[Collected data entries]
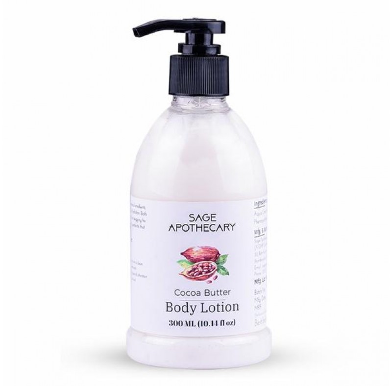 Get a satin-smooth skin you always dreamt of. Pure cocoa butter, vitamin E, and cherry blossom essential oil will give your skin a perfect caress. For times when you need some pampering and extra care for your dull and tired skin. This hydrating body butter lotion is the perfect elixir skincare. It is derived from 100% natural ingredients, paraben-free, cruelty-free, and dermatologically tested. Rich cocoa butter body cream intensely moisturizes for healthy, radiant skin. what it does indulge in this exotically rich body cream enriched with the goodness of natural cocoa butter that absorbs easily and eliminates dryness and dullness, leaving your skin intensely moisturized, healthy, and radiant. Sage Apothecary-rich cocoa butter body cream improves the moisture content of skin by helping retain moisture between skin layers and preventing moisture loss. The vitamin e in cocoa butter protects skin from damage due to the harmful effects of the sun and pollution. The rich cocoa butter body cream is non-greasy and contains 100 percent herbal actives. Key ingredient cocoa butter retains moisture, nourishes, and protects skin with long-lasting hydration, leaving skin soft and smooth due to its intense emollient property. The vitamin e in cocoa butter protects skin from damage. Directions for use apply Sage Apothecary rich cocoa butter body cream generously and evenly using a circular motion. Pay special attention to severely dry areas, gently massaging the body cream in. Best used after bathing when your skin is most receptive to hydration.
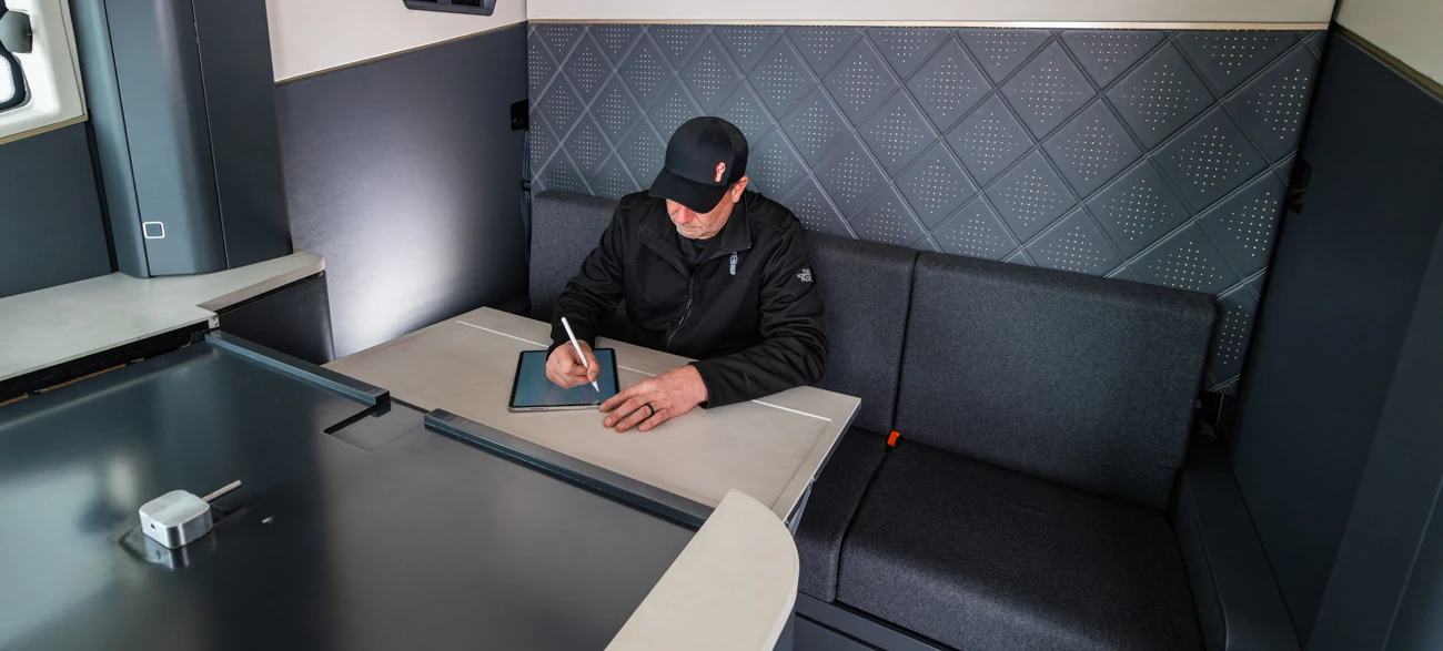 Отдельно нужно отметить передовую конструкцию кабины – с центральным расположением места водителя и новым спальником. Дизайном машина напоминает скоростной поезд.
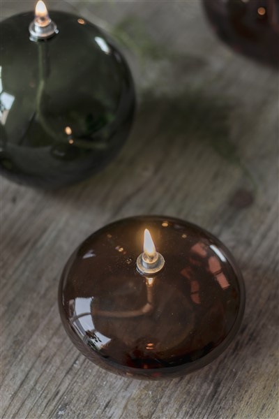 The coloured glass and round shape will complement a beautifully set table or look great as a still life on a coffee table or windowsill. Mix with oil lamps in the same design for a beautiful look in your interior.
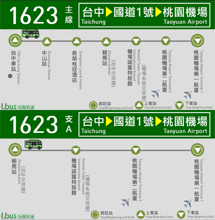 | 台中車站(大智北路) → 中山站 → 朝馬站 → 桃園機場第二航廈(下客) → 桃園機場第一航廈(下客) |
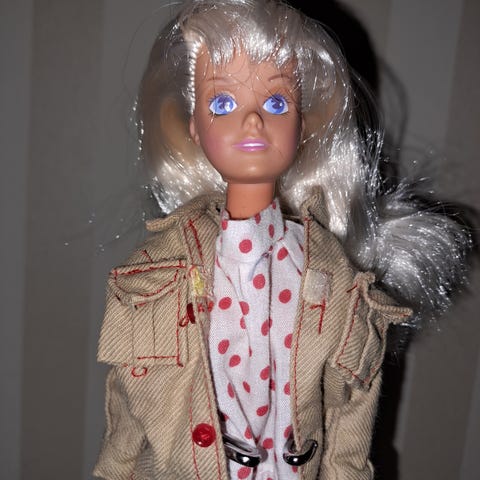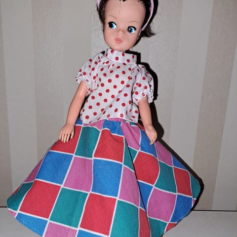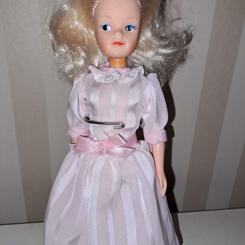 Vintage Sindydukke med originale klær! Kjolen bærer preg av slitasje foran. Se bilder for tilstand!

Aim of the exercise — Every line of the data above should be repeated exactly. Omit the pictures.

Answer box —
 Get a satin-smooth skin you always dreamt of. Pure cocoa butter, vitamin E, and cherry blossom essential oil will give your skin a perfect caress. For times when you need some pampering and extra care for your dull and tired skin. This hydrating body butter lotion is the perfect elixir skincare. It is derived from 100% natural ingredients, paraben-free, cruelty-free, and dermatologically tested. Rich cocoa butter body cream intensely moisturizes for healthy, radiant skin. what it does indulge in this exotically rich body cream enriched with the goodness of natural cocoa butter that absorbs easily and eliminates dryness and dullness, leaving your skin intensely moisturized, healthy, and radiant. Sage Apothecary-rich cocoa butter body cream improves the moisture content of skin by helping retain moisture between skin layers and preventing moisture loss. The vitamin e in cocoa butter protects skin from damage due to the harmful effects of the sun and pollution. The rich cocoa butter body cream is non-greasy and contains 100 percent herbal actives. Key ingredient cocoa butter retains moisture, nourishes, and protects skin with long-lasting hydration, leaving skin soft and smooth due to its intense emollient property. The vitamin e in cocoa butter protects skin from damage. Directions for use apply Sage Apothecary rich cocoa butter body cream generously and evenly using a circular motion. Pay special attention to severely dry areas, gently massaging the body cream in. Best used after bathing when your skin is most receptive to hydration.
 Отдельно нужно отметить передовую конструкцию кабины – с центральным расположением места водителя и новым спальником. Дизайном машина напоминает скоростной поезд.
 The coloured glass and round shape will complement a beautifully set table or look great as a still life on a coffee table or windowsill. Mix with oil lamps in the same design for a beautiful look in your interior.
 | 台中車站(大智北路) → 中山站 → 朝馬站 → 桃園機場第二航廈(下客) → 桃園機場第一航廈(下客) |
 Vintage Sindydukke med originale klær! Kjolen bærer preg av slitasje foran. Se bilder for tilstand!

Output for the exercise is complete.